The End of Paperbacks

Electronic readers are everywhere. This will be the future, it is inevitable. As iPods overtook CDs, which overtook cassettes, so the electronic readers will replace the delightfully cumbersome paperback novels that line our shelves. It was only a matter of time for the comfort of a well-worn novel to fall by the wayside for the ability to carry hundreds of books at once.

This is not to say that Kindles, Readers and other brands of this device are not without advantages. On average $200 to $400, they are certainly not a bad investment in comparison to a library full of hardbacks. There are hundreds of thousands of ebooks available to purchase with some available for free. They have bookmark functions and sophisticated screens meant to mimic the real thing. Electronic readers hold up to hundreds of books, allowing for mood rather than availability to decide your reading material.

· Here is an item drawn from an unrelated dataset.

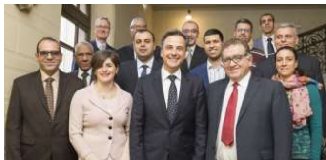
Participants of the study tour meet with the Mayor of Graz
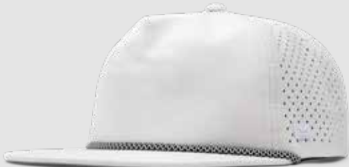
WHITE SMALL | CLASSIC | XL

Eventually libraries will be obsolete and books will be museum pieces, and the sensation of reading will be forever different. But for me, the tactile experience of a book, an actual book, is part of the magic. The smell of old pages, the smoothness of a worn cover, the satisfaction of picking up a book and remembering the last time you held it, these things are part of the experience. And something I will not give up.

The Well Written Rape

Alice Sebold's The Lovely Bones probably sat on everyone's shelves untouched as other more interesting looking books passed the readers eyes first. I can tell you that was the case with me. I always saw something that I thought looked better, more interesting, more what I was in the mood for.....you know. I had no idea what I was missing.

Sebold’s writing is a masterful handling of this delicate art. The rape and murder of a young girl is something that must be done so carefully. The reader must witness her pain; the writer must flesh out the sensations but not so much as to be smothering. You must have enough pain, embarrassment, helplessness, powerlessness and fear to make it real, yet refrain from taking to the complete truth, which is a violence we can’t handle.

Sebold crafts this key scene with a care and precision that makes you know you can trust her; that she will be taking you somewhere real. Very often authors create something and hope that readers will embrace it, allow this story in. But Sebold created a world that allows the reader in. This gift is so rare and the distinction between the two so hard to make, that very few are recognized for being able to do this.

Her prose is beautiful, the story compelling, but the thing that rises strongest from this work is Sebold's talent. Quiet and unassuming, it envelops and draws you in. And when you reach the end, the hold that was placed upon you, completely unawares, is broken. As it slowly dissipates, a quiet satisfaction settles in.